Ainsi des groupes exaltés se rendent dans l’après-midi et la soirée du 2 septembre aux prisons où les contre-révolutionnaires étaient détenus : à l’Abbaye, à la Conciergerie. Ils se font apporter les registres d’écrou, et tous les prisonniers qui avaient pris part au Dix Août ou qui avaient trempé dans les complots de la Cour sont jugés séance tenante ; puis, un mot sinistre est prononcé : « Élargissez-le. » Et le prisonnier, sur la porte de la prison, est attendu par les piques vengeresses ; il tombe sous les coups du peuple affolé. Toute la soirée, toute la nuit, ce fut une boucherie ; et parfois, comme la rage du meurtre se mêle à la rage de luxure, les corps des victimes subissent d’obscènes profanation. Ainsi sur le cadavre de Mme de Lamballe d’ignobles passions s’assouvirent. Les meurtriers promenèrent la tête au bout d’une pique et tentèrent d’approcher du Temple pour montrer à la famille royale ce cruel trophée.
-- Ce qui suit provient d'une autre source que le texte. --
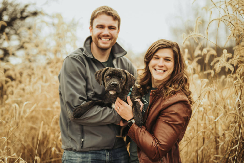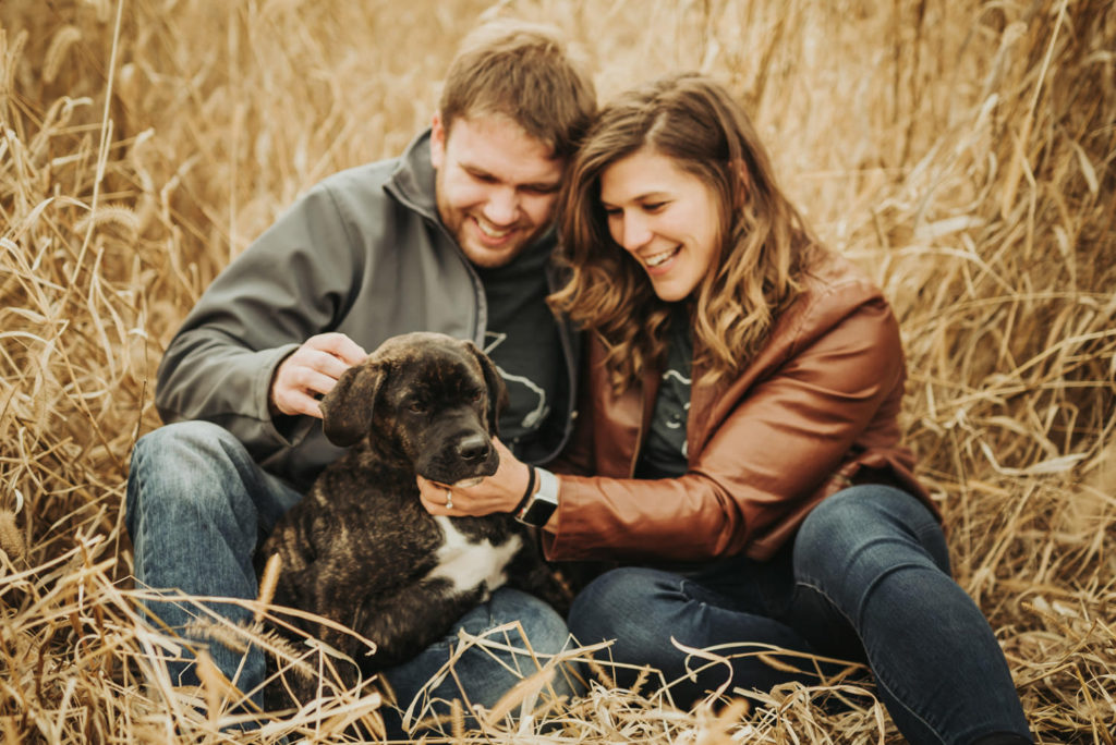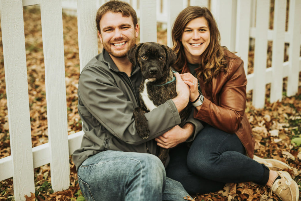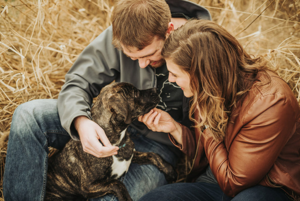 Amanda has more love for dogs than anyone I’ve ever known. It’s always been a dream of hers to rescue a puppy, and that dream finally came true for her when they rescued Kahn. So obviously, the little addition to their family had to be documented, and what better time to do that than during engagement photos! Kahn was so well behaved during our shoot. I always recommend to clients to bring someone extra along to watch the dog during the shoot, so we can all just focus on the love and photos. Kahn barely even needed a baby sitter though! We let him run around, and he always listened when we called him back. He was very excited, so it was hard to get him to sit still for formal photos, but the natural candid ones are always the best ones anyway.

Toute la matinée du 3, jusqu’à deux heures de l’après-midi, les massacres continuèrent. Mais à quoi bon tracer en minutieux détails ce tableau lugubre ? À quoi bon aussi philosopher longuement sur ces tristes choses ? Le droit de la Révolution n’en est pas diminué d’une parcelle. Car l’immense changement social qui s’accomplissait ne peut être jugé sur une brève exaltation de fureur. Mais je n’aime pas non plus les vagues et lâches apologies. Il est certain que ce massacre de prisonniers désarmés, s’il s’explique par les rumeurs sinistres qui affolaient les esprits, suppose un obscurcissement de la raison et de l’humanité.